Exercise directions:
Copy exactly, from the beginning of the material below, every line up to and including the one holding "Objevte originální týmovou", with the pictures left out.

Supplied material:
· · · · · · ·

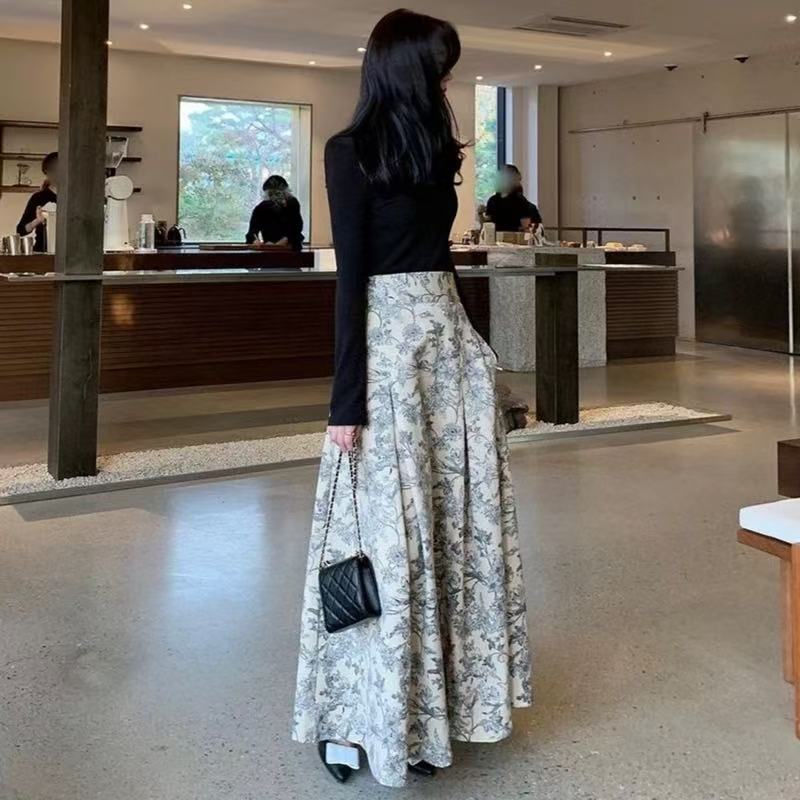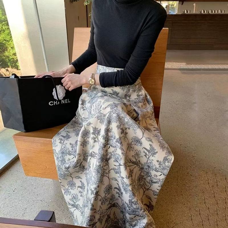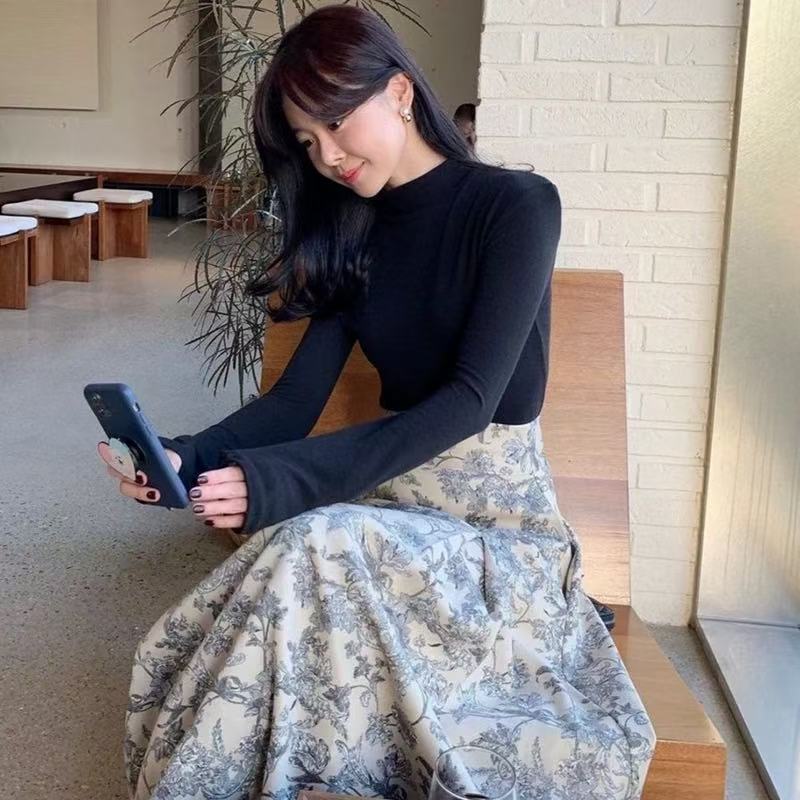 韓国シックなハイウエストフローラルスカート。シンプルで洗練されたTシャツと華やかな花柄スカートが大人の雰囲気を演出。通勤やお出かけなど幅広いシーンで活躍し、快適な着心地で季節の装いに取り入れやすい万能スカートです。
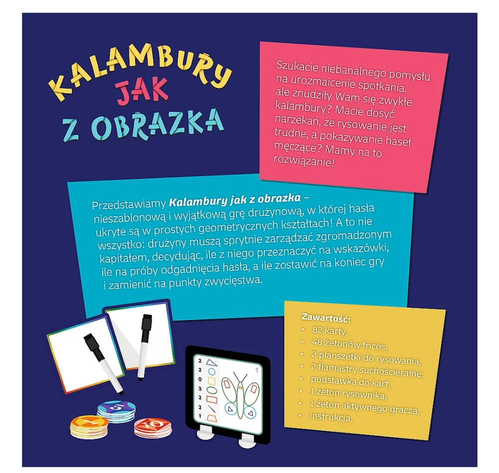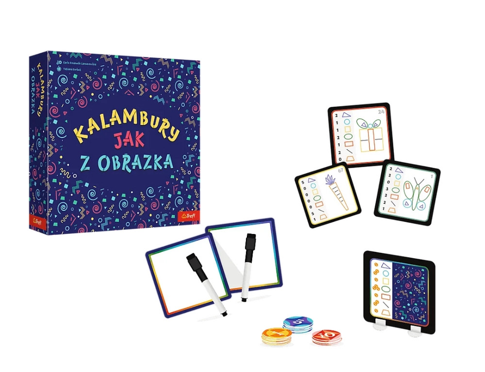 Objevte originální týmovou hru, kde jsou hesla ukryta v jednoduchých tvarech. Pomocí geometrických dílků vytváříte obrázky a vedete tým k řešení. Kreativita, strategie a zábava pro celou rodinu – to je Kalambury: jako z obrázku od Trefl.
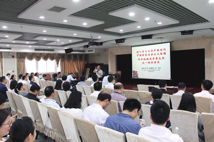 本次報(bào)告會(huì)邀請了安徽省行政學(xué)院黨委委員、副院長袁維海教授主講。袁教授圍繞新時(shí)代、新征程、新矛盾、新方略、新舉措、新要求六個(gè)方面的內(nèi)容,深入闡釋了習(xí)近平新時(shí)代中國特色社會(huì)主義思想的深刻內(nèi)涵。他通過用大量實(shí)例和經(jīng)濟(jì)數(shù)據(jù)作支撐,結(jié)合中國經(jīng)濟(jì)已從高速增長轉(zhuǎn)向高質(zhì)量發(fā)展并正處于轉(zhuǎn)變發(fā)展方式、優(yōu)化經(jīng)濟(jì)結(jié)構(gòu)、轉(zhuǎn)換增長動(dòng)力的攻關(guān)期,全面解讀了黨的十九大報(bào)告。其中,對(duì)深刻領(lǐng)會(huì)新常態(tài)時(shí)代這個(gè)發(fā)展邏輯進(jìn)行了系統(tǒng)闡述和深入分析,觀點(diǎn)獨(dú)到,給人啟迪,對(duì)各單位進(jìn)一步深入貫徹落實(shí)黨的十九大精神,推動(dòng)安糧集團(tuán)改革發(fā)展起到了積極作用。
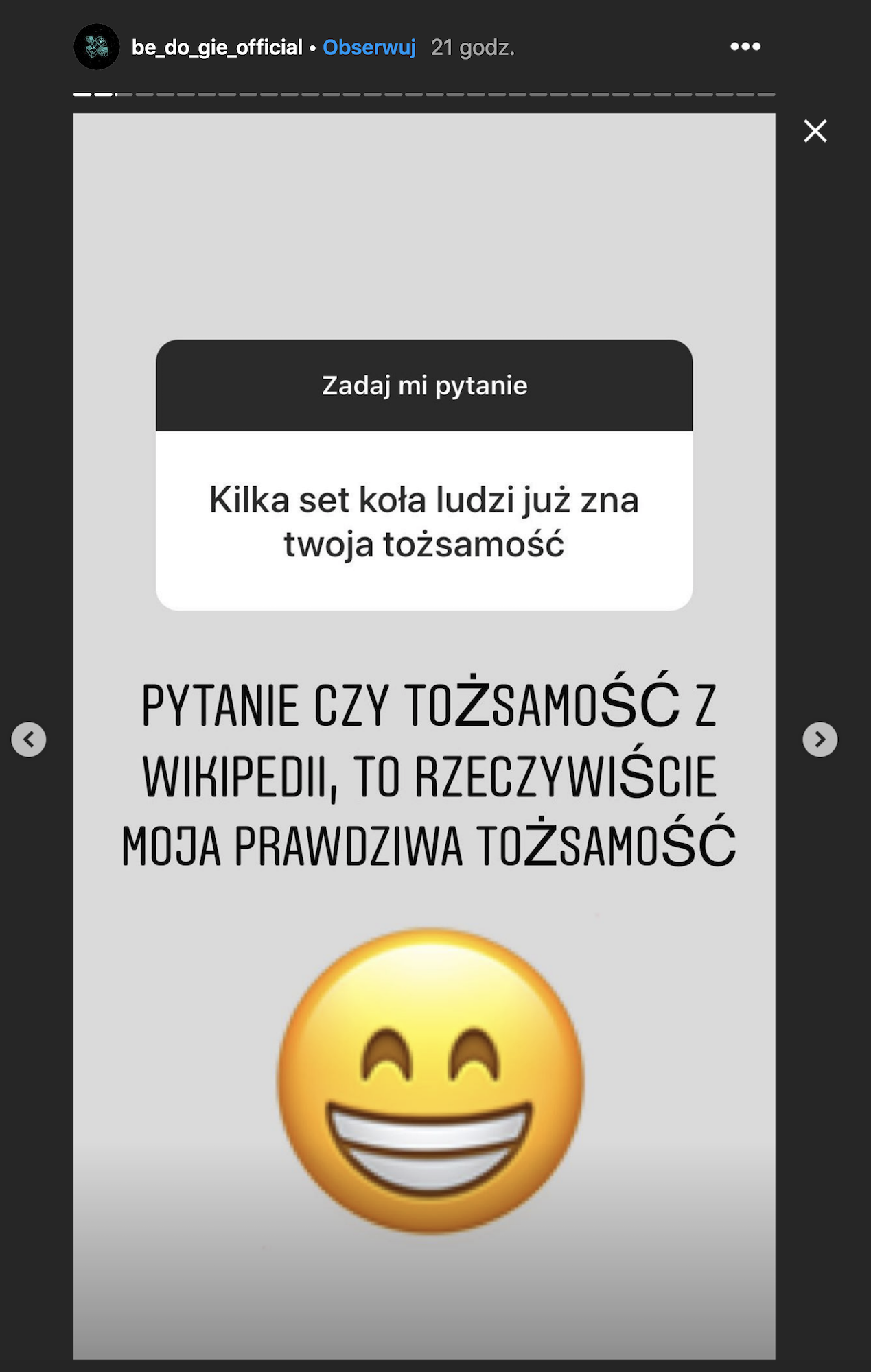 – Pytanie czy tożsamość z wikipedii, to rzeczywiście moja prawdziwa tożsamość:-))

· · · · · · ·

Exercise result:
 韓国シックなハイウエストフローラルスカート。シンプルで洗練されたTシャツと華やかな花柄スカートが大人の雰囲気を演出。通勤やお出かけなど幅広いシーンで活躍し、快適な着心地で季節の装いに取り入れやすい万能スカートです。
 Objevte originální týmovou hru, kde jsou hesla ukryta v jednoduchých tvarech. Pomocí geometrických dílků vytváříte obrázky a vedete tým k řešení. Kreativita, strategie a zábava pro celou rodinu – to je Kalambury: jako z obrázku od Trefl.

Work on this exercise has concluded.